7  Cardiovascular benefits of n-3 polyunsaturated fatty acids
N-3 PUFAs and many of the their endogenously generated metabolites act as bioactive lipid molecules with a wide array of properties against numerous disorders including CVD (Lordan, Redfern, Tsoupras, & Zabetakis, 2020; Lordan, Tsoupras, & Zabetakis, 2017; Moro, Nagahashi, Ramanathan, Takabe, & Wakai, 2016). Numerous studies have suggested higher consumption of n-3 PUFAs lowers the number of mortalities related to CVD (Darwesh, Sosnowski, Lee, Keshavarz-Bahaghighat, & Seubert, 2019; Kris-Etherton, Harris, Appel, & Nutrition, 2003; Lee, O'Keefe, Lavie, & Harris, 2009; Mozaffarian, 2007). For instance, Mozaffarian et al. demonstrated higher plasma levels of n-3 PUFA biomarkers in a U.S. adults cohort study was associated with lower total mortality attributable with fewer cardiovascular compared to non-cardiovascular deaths (Mozaffarian et al., 2013). Currently, the intake of n-3 PUFAs is still recommended by the American Heart Association to prevent clinical CVD episodes in individuals with predominant coronary heart disease, such as a recent MI, to reduce death rates as well as individuals with prevalent HF to reduce hospitalizations and number of mortalities (Sacks et al., 2017; Siscovick, et al., 2017).

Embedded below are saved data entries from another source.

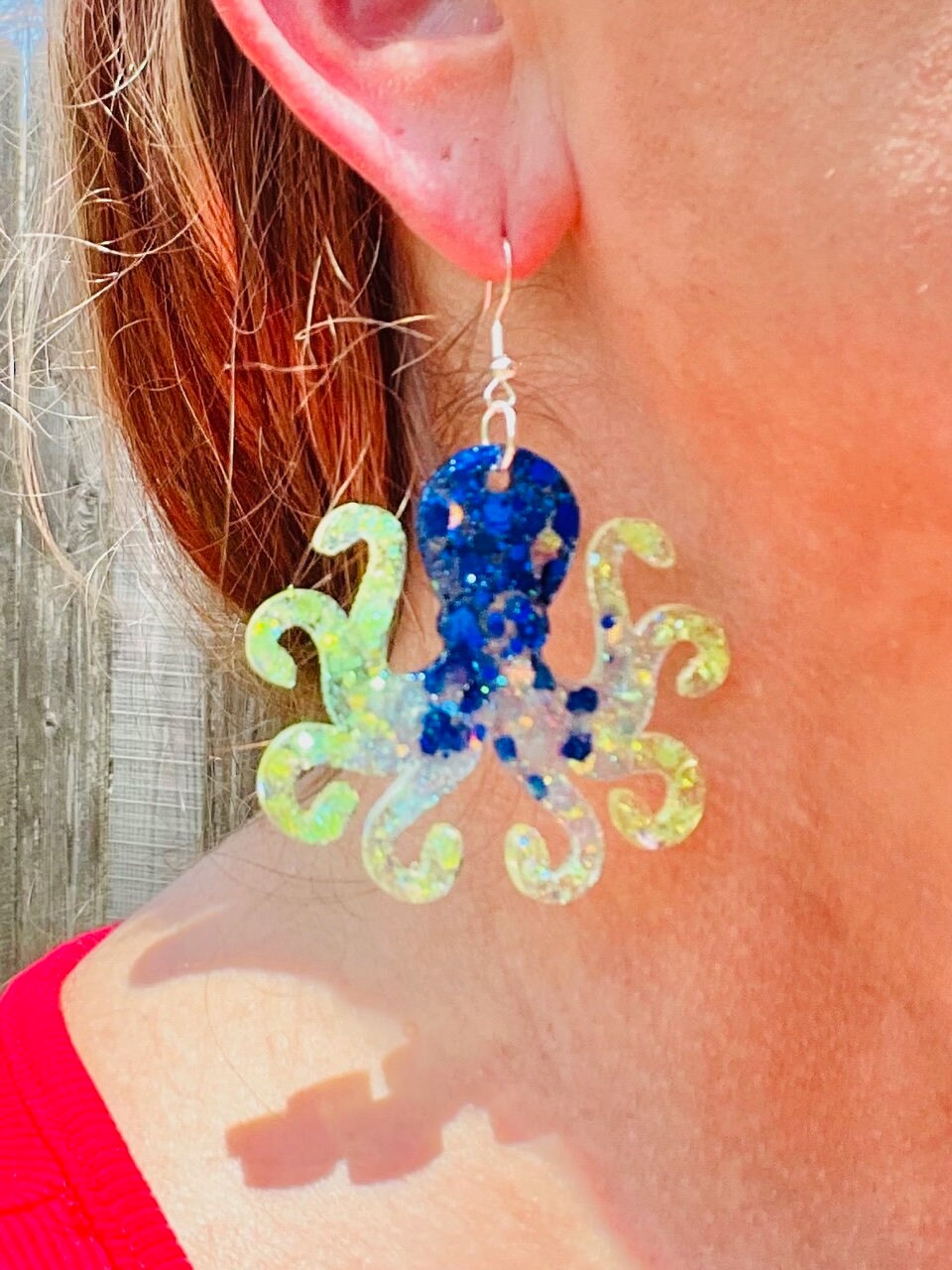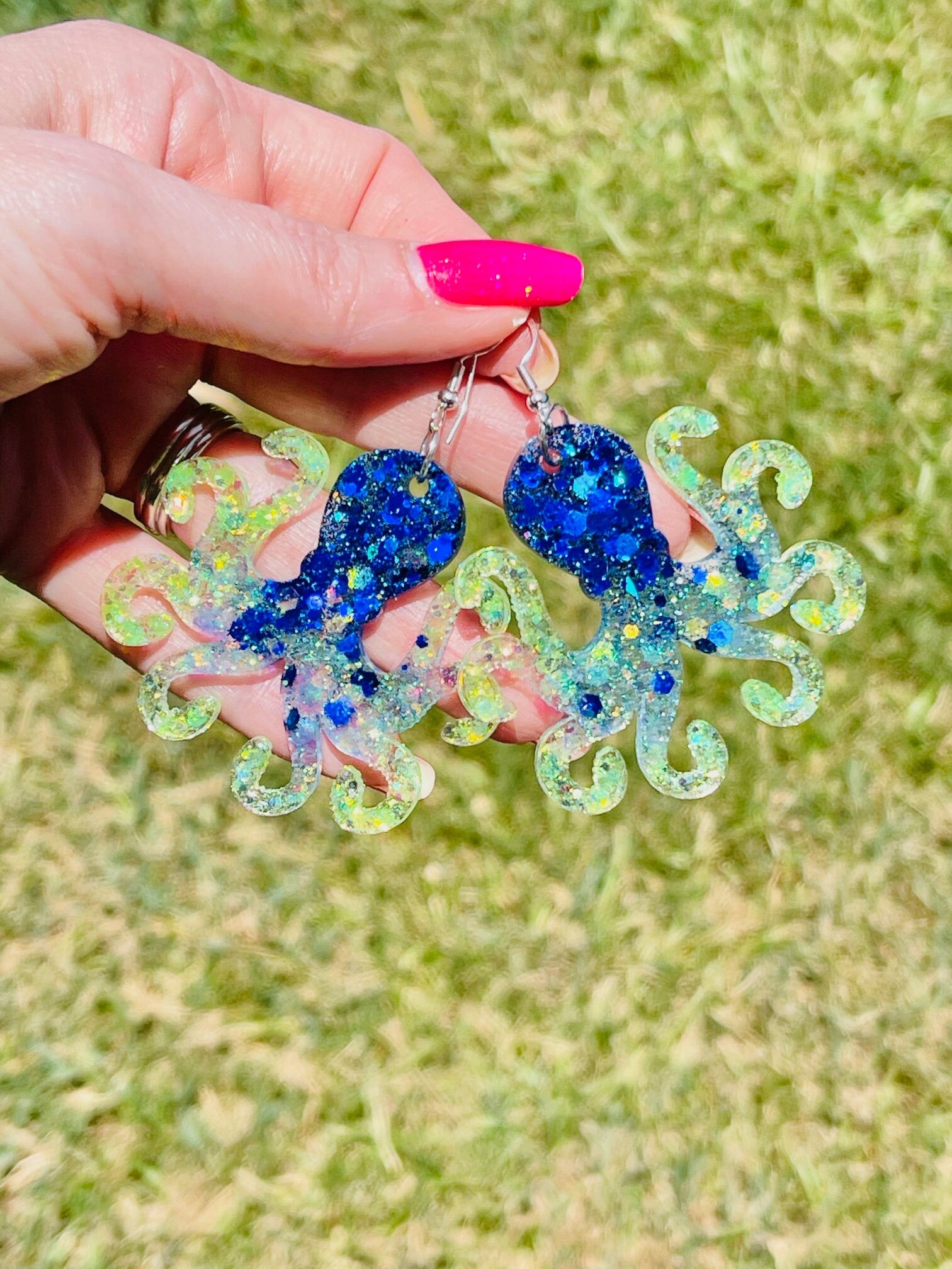 These beautiful sparkly earrings are hand-crafted by me from resin. These earrings are very light-weight. Great for a beachy vaca or themed event!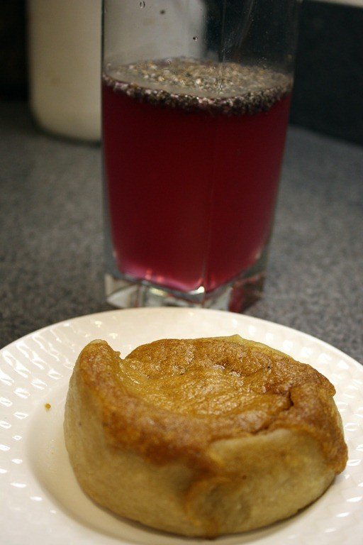 I got a little crazy one morning and decided to enjoy a cinnamon spice roll with a glass of Kombucha – spiked with a tablespoon of chia seeds. It was an interesting flavor, not sure if it’s something I would add to my Kombucha very often. 🙂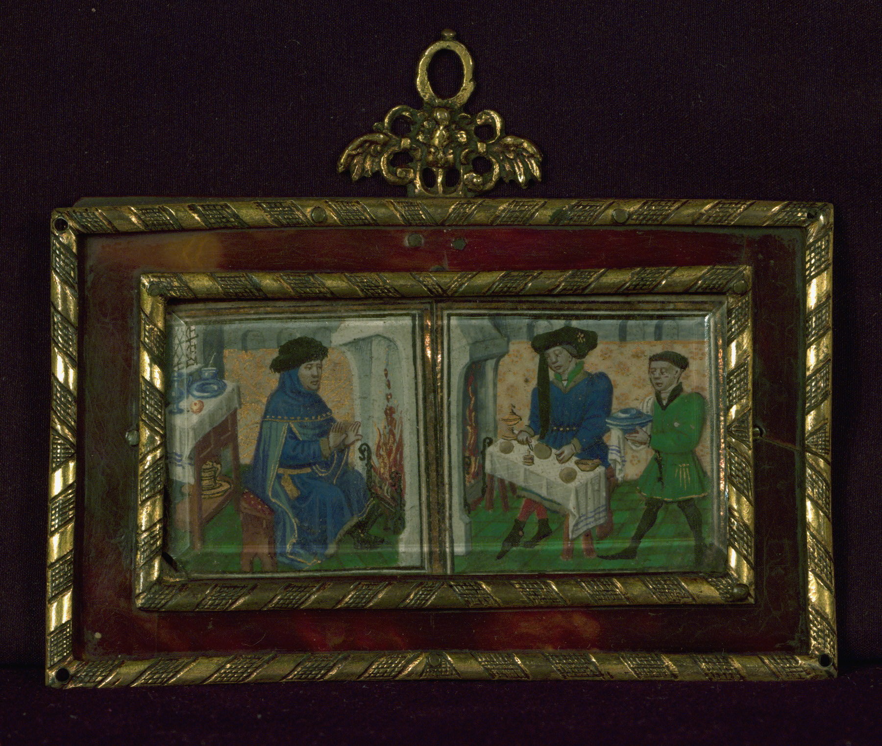 These two illuminations were cut out of a deluxe Book of Hours that was originally created ca. 1450-60. It is likely that they are by an artist based in Bruges, as they are stylistically related to works from that region in that period (see, for example, W.240). They have been compared to the miniatures in the Hours of Juana EnrĂquez (Madrid, Biblioteca de Palacio, unnumbered), as well as to the work of the Master of Girart de Roussillon, active in Brussels ca. 1450-70. The images came from the January and February calendars, although they were framed in the reverse order, with February on the left, and January on the right. A frame of tortoise shell and gilded copper was created for their display, likely in the seventeenth century, and the date of the frame may suggest when the images were removed from their original manuscript context.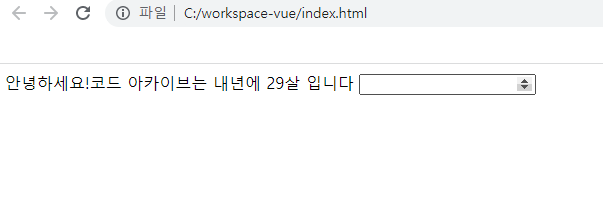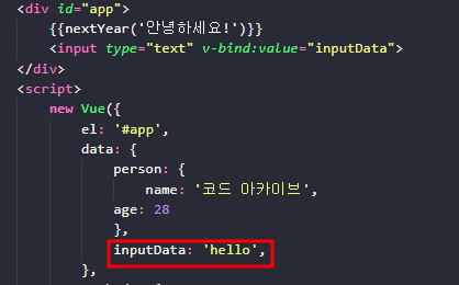 input 태그의 text 박스에 Vue에서 정의한 inputData 데이터를 바인딩해보면 hello가 잘 들어간다.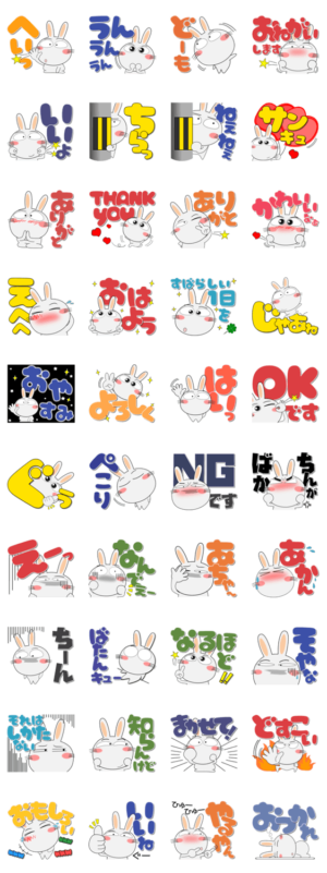 うさぎサンのデカ文字スタンプ。ポップでカラフル。毎日使える言葉、よく使う言葉を揃えました。敬語もあるよ。社会人から学生まで。朝から夜まで使えます。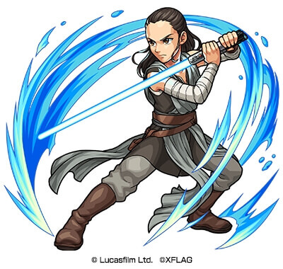 「レイ(画像は水属性 ★6 ジェダイ・トレーニング レイ)」、「フィン」などの最新キャラクターまで、多数の人気キャラクターがモンスト内に登場します。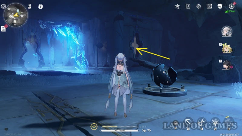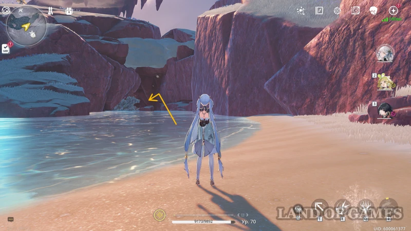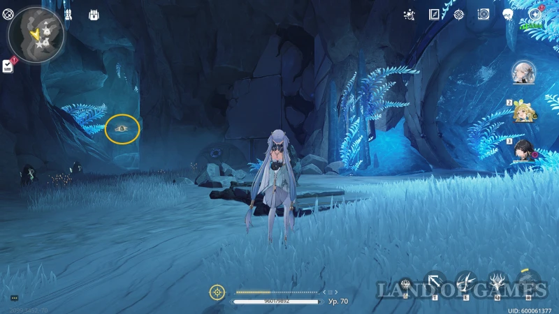 Это уже вторая подземная область: вход можно найти на пляже к северу от Драконьей палаты (метка алмаза на скриншоте выше). Обратите внимание, что без выполнения сюжетного поручения «Восход Цзиньчжоу» эта каменная круглая дверь будет закрыта.

The cardiovascular benefits of n-3 PUFAs could be attributed to their pleiotropic effects on the different elements of the cardiovascular system. Evidence suggests a higher intake of n-3 PUFAs has a beneficial effect on lipid profiles by replacing saturated fatty acids and lowering triglyceride levels, thereby stabilizing atherosclerotic plaques and reducing the incidence of thrombus formation (Plutzky, 1999; Thies et al., 2003). Furthermore, n-3 PUFAs can enrich cell membranes and alter the lipid raft structure and function leading to improved organelle and cellular function (Din et al., 2008), autonomic tone (Abuissa, O'Keefe Jr., Harris, & Lavie, 2005; O'Keefe Jr., Abuissa, Sastre, Steinhaus, & Harris, 2006), elevated arrhythmic thresholds (Anand, Alkadri, Lavie, & Milani, 2008) and ameliorating hypertension (Geleijnse, Giltay, Grobbee, Donders, & Kok, 2002; O'Keefe Jr. et al., 2006). Importantly, several experimental, clinical and epidemiological studies hypothesize that the cardioprotective effects of n-3 PUFAs and their metabolites are attributed mainly to their immunomodulatory properties. Notably, emerging evidence demonstrates the ability of n-3 PUFAs to reduce circulating levels of inflammatory chemokines, cytokines, and the pro-inflammatory metabolites derived from n-6 PUFAs (Calder, 2013, Calder, 2017).